Records excerpted from a collection
____________________

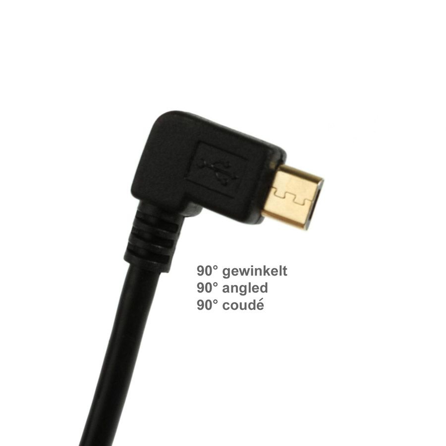 - geräteseitiger Anschluß: USB 2.0 Micro B Stecker 90° gewinkelt NACH RECHTS
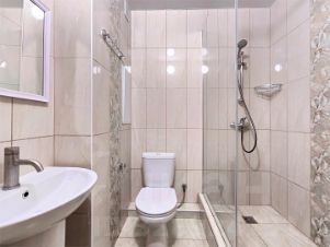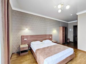В номере: двуспальная кровать, 2 тумбочки, туалетный столик, журнальный столик, шкаф платяной, вешалка в прихожей. Удобства: Кондиционер, холодильник, телевизор, сейф, балкон со столом и стульями, комплект гостевых принадлежностей (индивидуальный комплект банных и лицевых полотенец, мыло жидкое, таз, бельевые веревки на балконе, туал бум. стаканы). Напольное покрытие плитка.
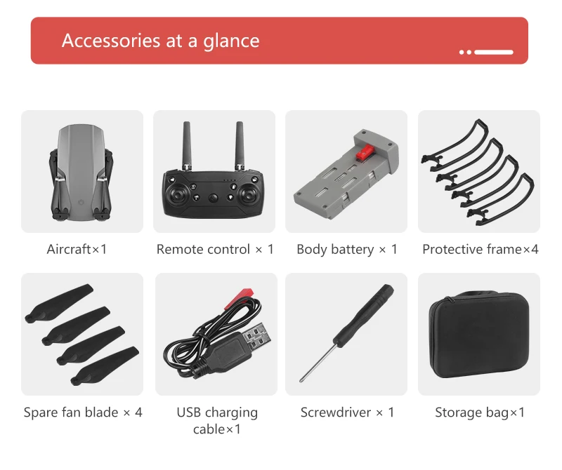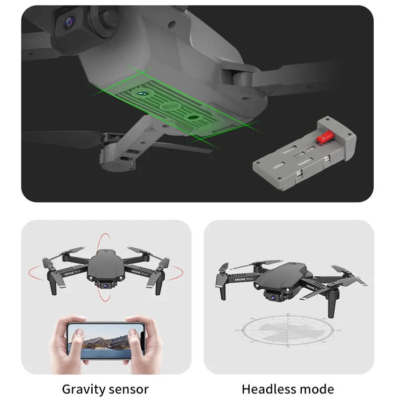 - Up/down, forward/backward, left/right turn, side flight, LED lights, headless mode, one-key automatic return, altitude hold mode, WiFi FPV
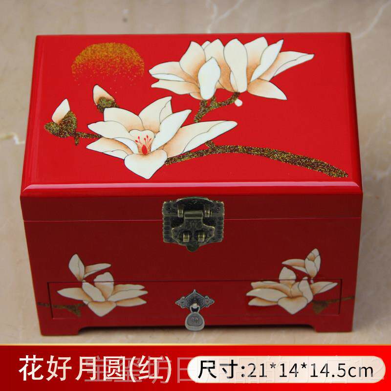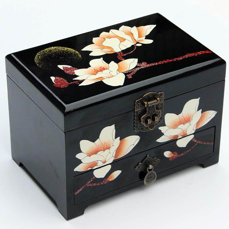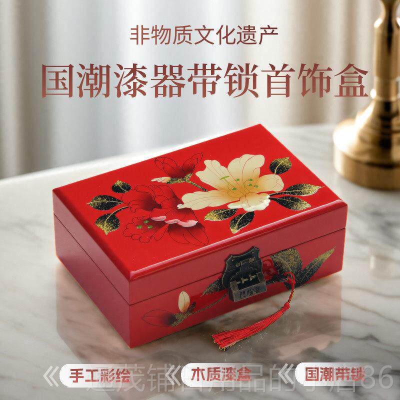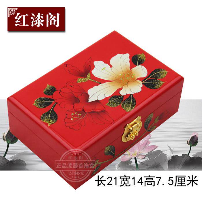 高档山漆器首饰盒西木质手饰品首饰收纳盒宝项链手镯制收珠纳盒带
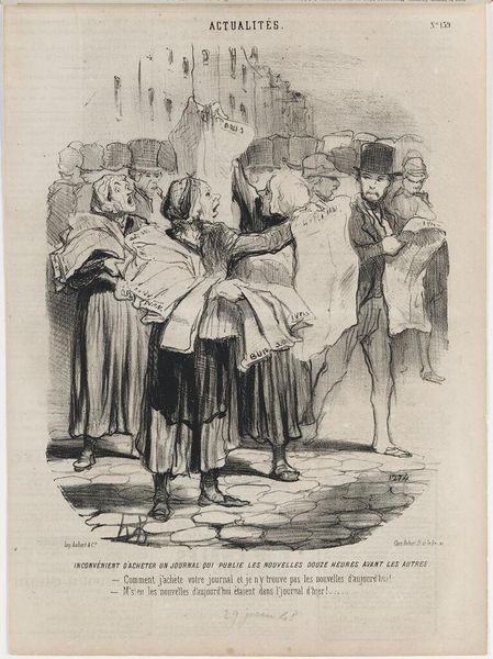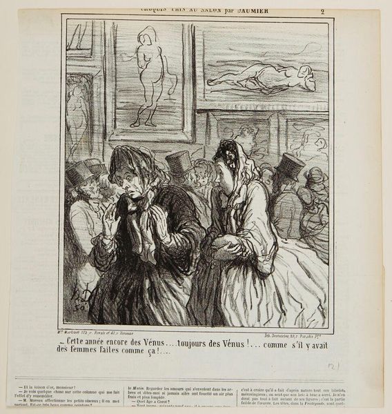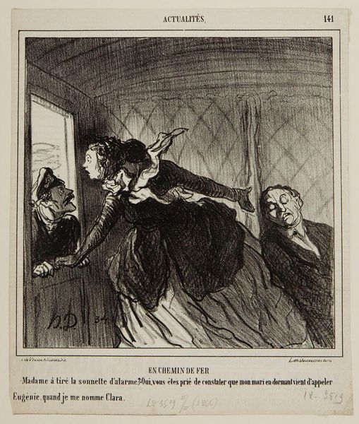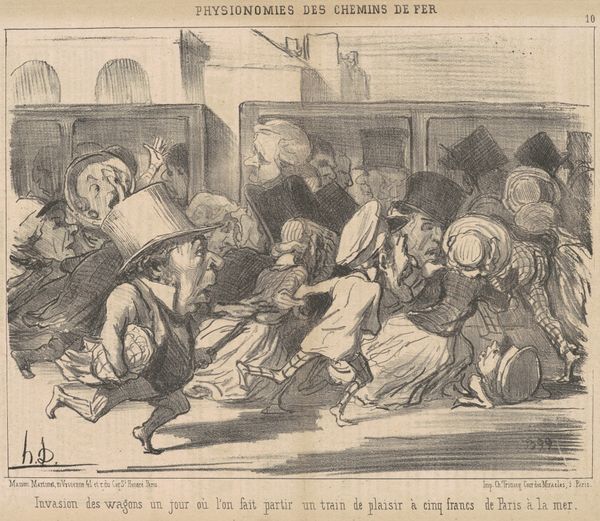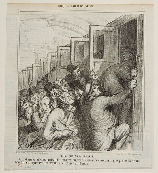 Curator: Daumier's lithograph, "Travelers Enjoying a Third-Class Carriage Less and Less in Winter," depicts the stark realities of 19th-century rail travel. It's currently housed at the Harvard Art Museums. Editor: The desaturated tones really amplify the bleakness. It’s a cramped space filled with weary faces, each etched with a quiet suffering. Curator: Absolutely. Daumier was known for his social commentary. He highlights the inequities of class through the experience of these travelers. Editor: You can almost feel the chill in the air, a shared hardship cutting across age and perhaps even social standing, if only for the duration of this journey. There’s a profound sense of shared humanity here. Curator: Indeed. This work is a reminder that art can serve as a powerful lens through which we examine societal structures. Editor: A somber, yet deeply resonant reminder, especially when considering contemporary mobility and social justice.

____________________

▸ **Task objective**: Omitting all pictures, retype exactly the lines from the line containing "- Up/down, forward/backward, left/right" down to the last line above, both ends included.

▸ **Result for this exercise**:
 - Up/down, forward/backward, left/right turn, side flight, LED lights, headless mode, one-key automatic return, altitude hold mode, WiFi FPV
 高档山漆器首饰盒西木质手饰品首饰收纳盒宝项链手镯制收珠纳盒带
 Curator: Daumier's lithograph, "Travelers Enjoying a Third-Class Carriage Less and Less in Winter," depicts the stark realities of 19th-century rail travel. It's currently housed at the Harvard Art Museums. Editor: The desaturated tones really amplify the bleakness. It’s a cramped space filled with weary faces, each etched with a quiet suffering. Curator: Absolutely. Daumier was known for his social commentary. He highlights the inequities of class through the experience of these travelers. Editor: You can almost feel the chill in the air, a shared hardship cutting across age and perhaps even social standing, if only for the duration of this journey. There’s a profound sense of shared humanity here. Curator: Indeed. This work is a reminder that art can serve as a powerful lens through which we examine societal structures. Editor: A somber, yet deeply resonant reminder, especially when considering contemporary mobility and social justice.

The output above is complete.